Designing a system that helps patients feel more comfortable, prepared, and secure when managing their medical care.
Role: UI/UX Designer
Duration: 12 weeks
I grew up with a mother working in healthcare. I can remember her coming home and talking to my father about the countless issues with the structure of the system - whether that was how the hospital was operating, or the challenges the patients had to face. So, when my professor introduced a project centered around the idea of personal life management, my thoughts went directly to her.
I conducted video interviews with three individuals that have experience both working in the medical field and as patients to better understand how it operates, and where the opportunities for improvement are.
Patients that first get a diagnosis typically feel underwhelmed with the assistance hospitals provide, and overwhelmed with the vast information on the internet.
A lot of patients are not fully aware of how expensive their particular treatment is, or where to go with questions they may have regarding treatment, medications, etc.
With numerous appointments, doctors, and medications, the treatment process can typically get very overwhelming when the patients have to remember all this information.
Each patient has needs unique to their diagnosis, personal lives, financial status, etc. and can get frustrated when they recieve general information.
“It’s a system that’s not built for the patients - it’s built for the providers.”
- Joseph Vasile
CEO of the Greater Rochester
Independent Practice Association (GRIPA)
To better understand the emotional journey a user goes through when dealing with hospital care, I mapped out a typical progression. I wanted to focus on the points that were particularly painful for users so the application would be able to help them when they needed it most.
One of the obvious pain points is when a user is receives a diagnosis. Because this can often be traumatic or stressful, this was the area I chose to mainly focus on. I wanted to make the experience more manageable from this point continuing on.
Based on the takeaways from my interviews and my understanding of a typical patient journey, I was able to establish three main goals. These goals were centered around the takeaways and painpoints.
My first pass at wireframes was focused on organizing the content, and establishing natural flows that helped me meet my goals for each user.

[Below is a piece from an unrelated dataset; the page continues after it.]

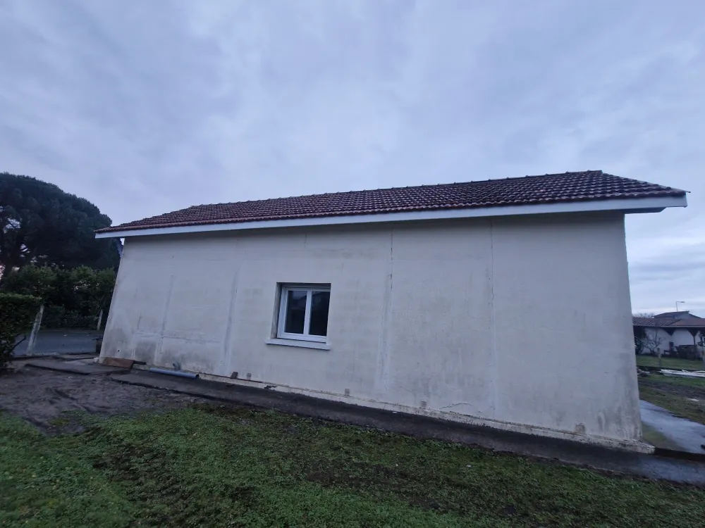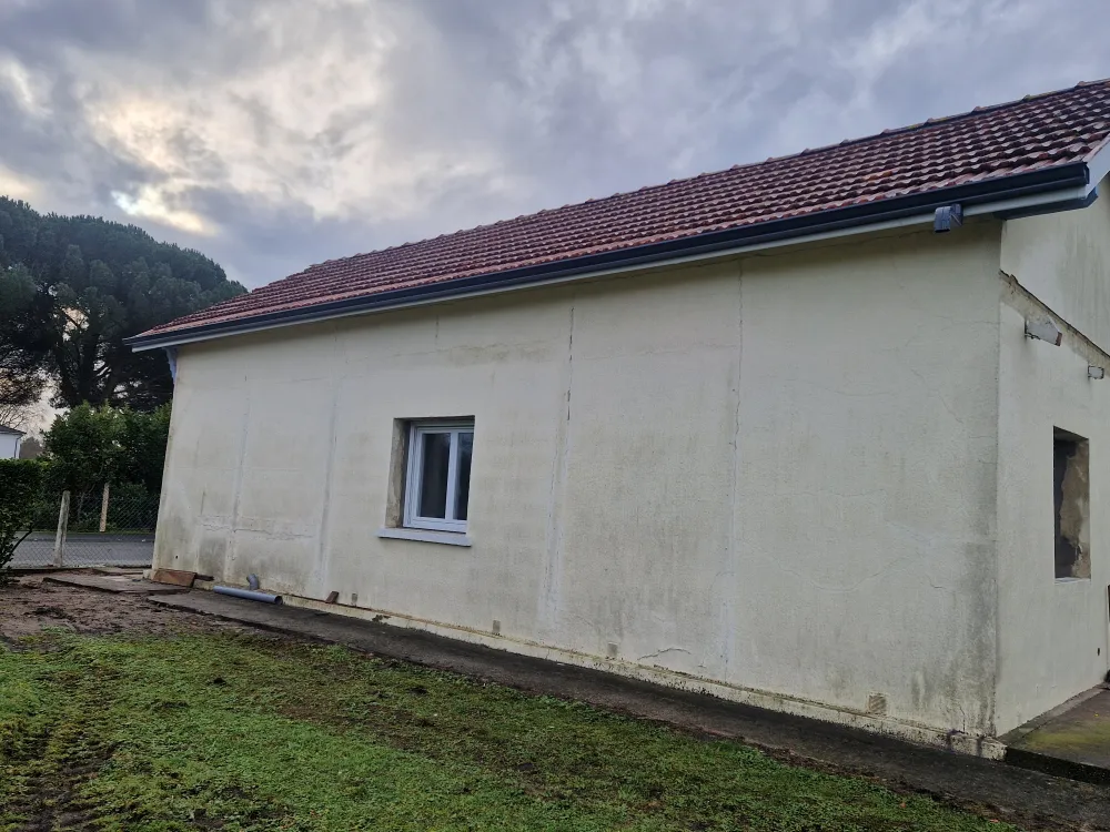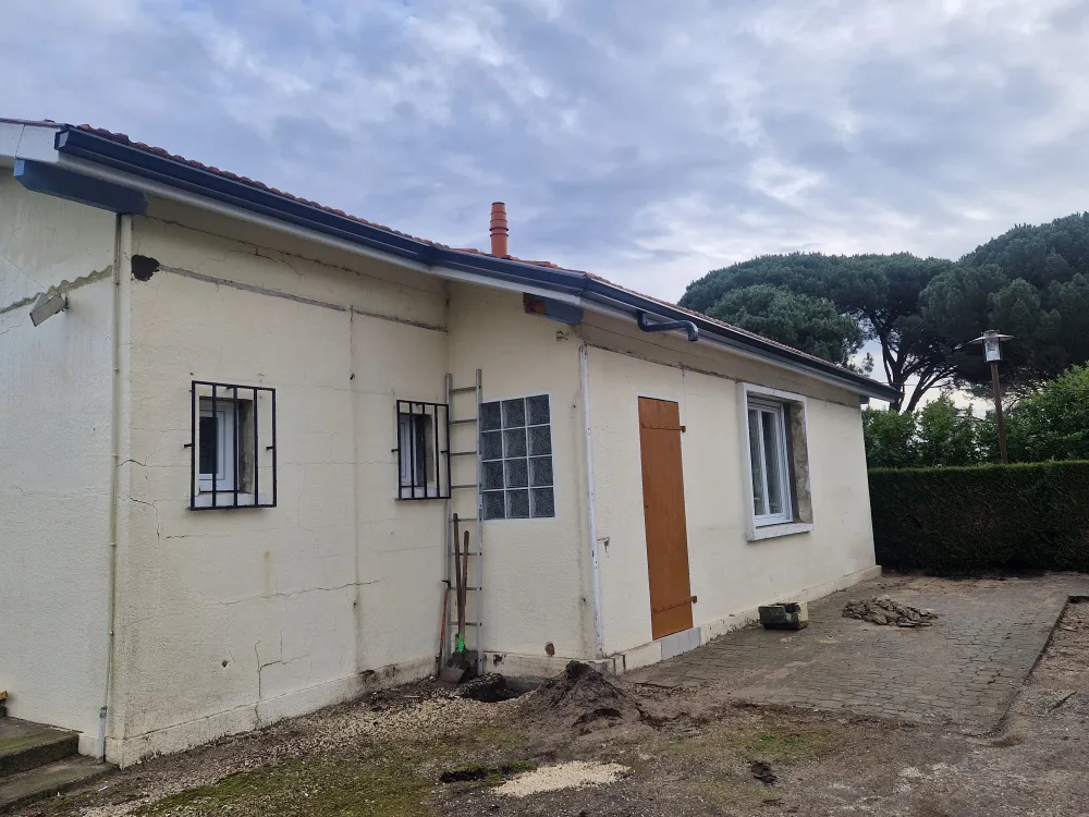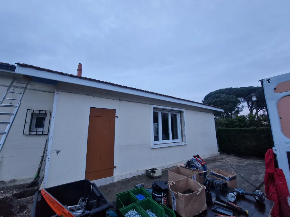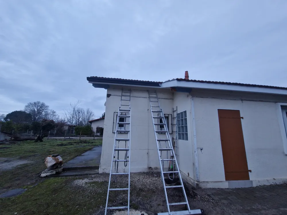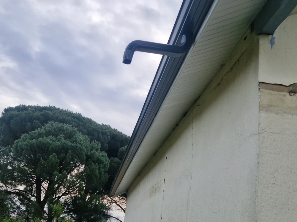 14-01-2026 Rion des landes, pose de gouttière aluminium RAL 7016 avec coude provisoire dans l'attente des canalisation d'eau pluviale sur maison en rénovation.

I began to explore features such as syncing medical records, monitoring medications, booking appointments, and tying in family members or care-givers.
My further iterations were focused on simplifcation. Because medical information can be complicated and confusing, I wanted to make the information glanceable and highlight next steps so every patient could comfortably understand their experience.
As a newly diagnosed patient I want to know more information about my condition and my next steps so I can feel comfortable, prepared, and secure.
Each patient that visits the hospital is given a Patient ID. This ID is used as a way to keep track of things like medical records and prescriptions. The user would be prompted to sign in using their Patient ID to minimize time-consuming account creation details, such as phone numbers or emails, and also allow for syncing of medical records later on.
Syncing Medical Charts
Giving the application access to medical charts would eliminate the need for the user to input their own diagnosis or prescription. This is crucial considering most patients don't fully understand a diagnosis when it is first received. Being completely transparent with the user about the benefits of this would help them feel secure and trust the application with their confidential information. After hitting "let's sync", the user would be prompted once more just to confirm that they fully understand.
Personalized Educational Resources
The home screen would first be populated with frequently asked questions regarding their diagnosis. These questions came up during my initial interviews as major concerns physicians hear from their patients. The user has the ability to expand to view the answer, be redirected to read more, or swipe the card to dismiss it. After dismissing it, the questions can always be found under resources.
As a long-term patient I want an easy way to schedule new appointments so I can be more proactive with my health and recovery.
Most patients leave appointments confused about their next steps. If the patient's medical charts have appointment suggestions, solace prompts the user to schedule their next treatment to make sure they stay on track. Appointment cards are structured to be glanceable, and prepare the patient with important details.
The majority of patients have multiple medications that they are responsible for keeping track of. This can get very confusing when times begin to overlap. The medication section acts as a checklist that helps patients remember what medications they have taken, and various doses.
As a caregiver I want an efficient way to assign appointments and see how my loved one is doing so I can make sure they’re getting the proper care.
Sharing and Invitations
The care-giver's home screen would look almost identical to the patients, except for a share functionality that is tied to the appointments. This allows them to send an invitation to any individual. Clicking on the invitation brings them to an appointment summary in their browser. Once they accept, the caregiver is notified and their name is populated in the home screen.
This project taught me to emphathize with my user and anticipate their needs. It was an interesting challenge to turn something as complicated as medical data into easily comprehensible information, while also keeping it friendly.